Кончилась торжественная месса в костеле, отслуженная блестящим клиром соединенного духовенства столицы с примасом во главе. Умолкли последние звуки могучего органа.
Все, что есть знатного и чиновного в Варшаве, занимало передние ряды в костеле, переполненном толпою до того, что ни войти, ни выйти оттуда было невозможно, если только движение начиналось не там, у выходов, откуда порою выплескивались люди, как влага из переполненной чаши.

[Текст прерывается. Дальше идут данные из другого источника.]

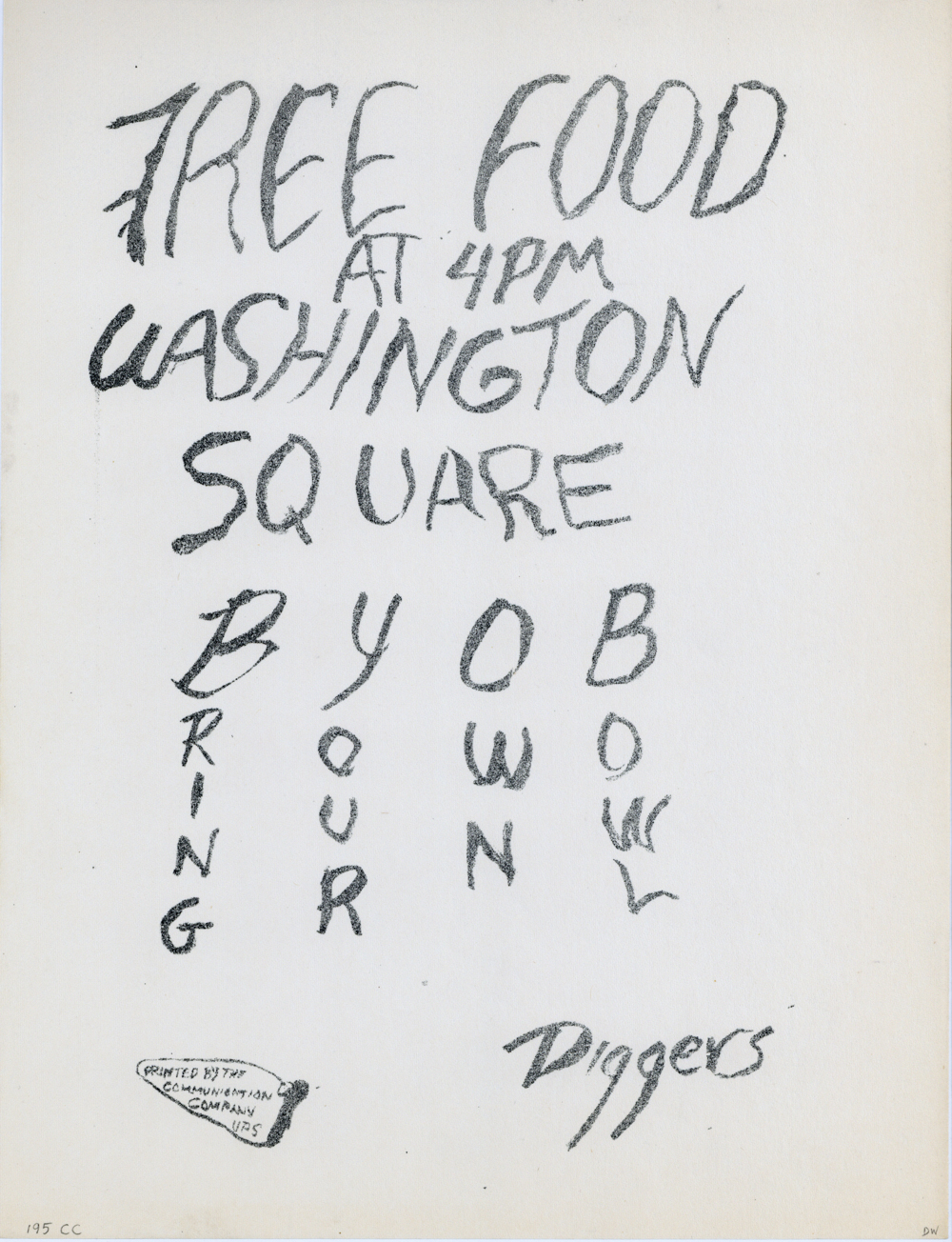 Cat. No.: CC-195 Full record BibCit: Broadside. Letter size. San Francisco: Communication Company. Collection: SOLA-o(DW). Abstract: Title is complete text. Signed, "Diggers."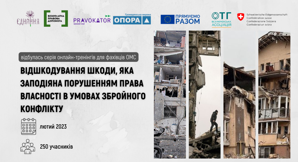 Координаційний центр з надання правової допомоги спільно з Київським міським осередком Всеукраїнської громадської організації «Громадянська мережа ОПОРА» та Всеукраїнською асоціацією ОТГ організував проведення серії регіональних онлайн-тренінгів для фахівців органів місцевого самоврядування “Відшкодування шкоди, яка заподіяна порушенням права власності в умовах збройного конфлікту”.

Стоящие вокруг шпалерами войска еще ослабляли силу напора народной волны, иначе могла бы произойти смертельная давка, как не раз бывало в подобных случаях.
С возвышения громко было оглашено отречение короля саксонского от всяких прав его на польские земли и сейчас же прочтен манифест императора всероссийского о принятии им короны и титула короля польского на вечные времена. В том же манифесте говорилось, что жители королевства Польши получат конституцию, теперь вырабатываемую, главными основаниями которой является самоуправление народа, своя армия, свобода печати, неприкосновенность жилища, по образцу английской хартии и во всяком случае более широкая, чем та, которую реставрированный Людовик XVIII Бурбон дал своим вольнолюбивым французам — на словах…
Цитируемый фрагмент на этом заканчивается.